I cast my eyes downward, feeling- what is that? Oh, yes- shame.

"I know you," she says suddenly. "You once asked me to bypass some safety features on the training tritezas. You wanted to practice as if you were in a true battle. You were always a skilled fighter.

Some piece of memory surfaces, only as clear as a shadow beneath a murky lake. I cannot claim it. The water slips through my hands.

"Do... Do you remember anything else?"

"I remember everything," she says pleasantly. "It's all stored in my hardware."

"Could you tell me more?" I ask desperately, hoping to clear the murk away.

"Yes," she says gently. "You had two best friends. The other girl was a dedicated rule follower. The boy didn't mind bending them, so long as he was with you."

"Michael," I whisper, pain thrumming behind my dry eyes.

"Do you need me to stop?" she asks, apparently concerned. "This seems to be causing you distress."

"NO!!!!!" I yell, suddenly angry, lunging towards the mirror. I find myself yanking it off the wall, laughing, planning to smash it against the floor. But as I heft the glass into the air, Michael's face flashes in my mind. I gasp as if drenched in frigid water. My arms slowly lower the mirror to the floor. As soon as the glass rests on the floor, I run away from it, flinging myself into a corner and crumpling to the ground.

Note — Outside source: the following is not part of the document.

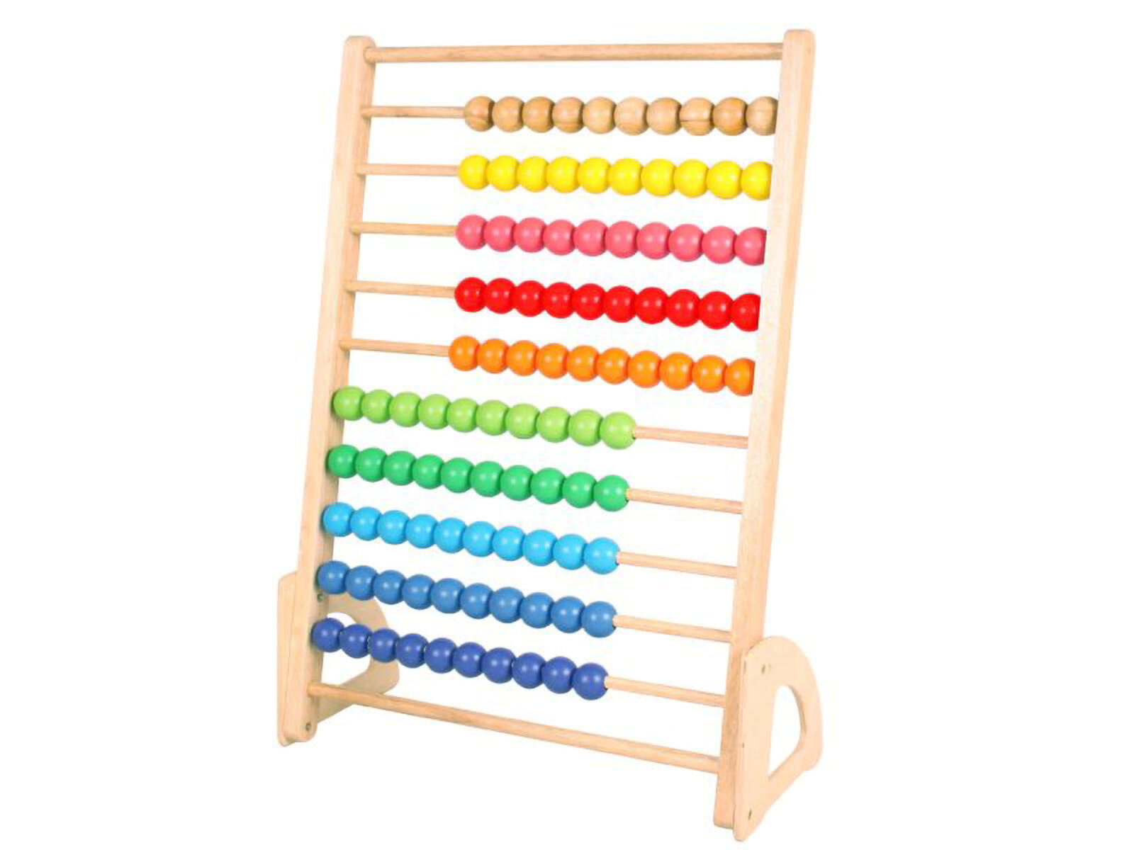 Mycket stor och stabil kulram i glada färger. Stöden monteras enkelt ihop med 4 stora träskruvar som medföljer. Mått: ca 65x90 cm. Diameter på kulorna ca 4 cm. Av återplanterat trä. PVC-fri. Från 3 år.

I wrap my arms around my knees, rocking back and forth crying or laughing or both. I fluctuate between two people, the killer they made me into and the grieving girl they thought they killed. Who knows how long it persists; I only know that I hear the fighting in the halls lull.

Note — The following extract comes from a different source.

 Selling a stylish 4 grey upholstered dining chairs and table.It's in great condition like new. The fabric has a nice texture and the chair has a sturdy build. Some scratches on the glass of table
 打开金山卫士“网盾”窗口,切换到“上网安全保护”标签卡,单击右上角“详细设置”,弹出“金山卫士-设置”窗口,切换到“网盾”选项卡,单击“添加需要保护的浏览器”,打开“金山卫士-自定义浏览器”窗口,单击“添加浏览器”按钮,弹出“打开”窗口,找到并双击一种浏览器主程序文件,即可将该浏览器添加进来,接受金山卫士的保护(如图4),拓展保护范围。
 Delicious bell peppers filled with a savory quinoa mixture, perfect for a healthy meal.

"You aren't well, are you?" a tentative voice emanates from the mirror. I drag myself across the splintered planks, ignoring the scratches and abrasions my hands and knees suffer. I look down. The concerned face gazes up.

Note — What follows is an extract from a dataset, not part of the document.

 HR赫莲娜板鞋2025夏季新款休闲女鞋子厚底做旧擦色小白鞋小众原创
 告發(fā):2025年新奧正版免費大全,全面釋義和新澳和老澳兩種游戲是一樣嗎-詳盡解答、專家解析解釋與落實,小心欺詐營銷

"No," I laugh without humor. "I'm not."

"What do you require from me?" she asks. "I am programmed to help as best as I can."

I have nothing to say. I only stare with dull eyes at the reflective surface.

"Would you like me to continue?" she offers. "Maybe remembering will aid in your recovery."

"Please."

So she speaks to me.

_____________________________________

The artificial intelligence retreats to a corner of the mirror, filling the rest of the surface with video taken from the surveillance cameras.

Then I can see it: the favorite haunt of three teenagers. Michael. Lia. Me. The sparring ring.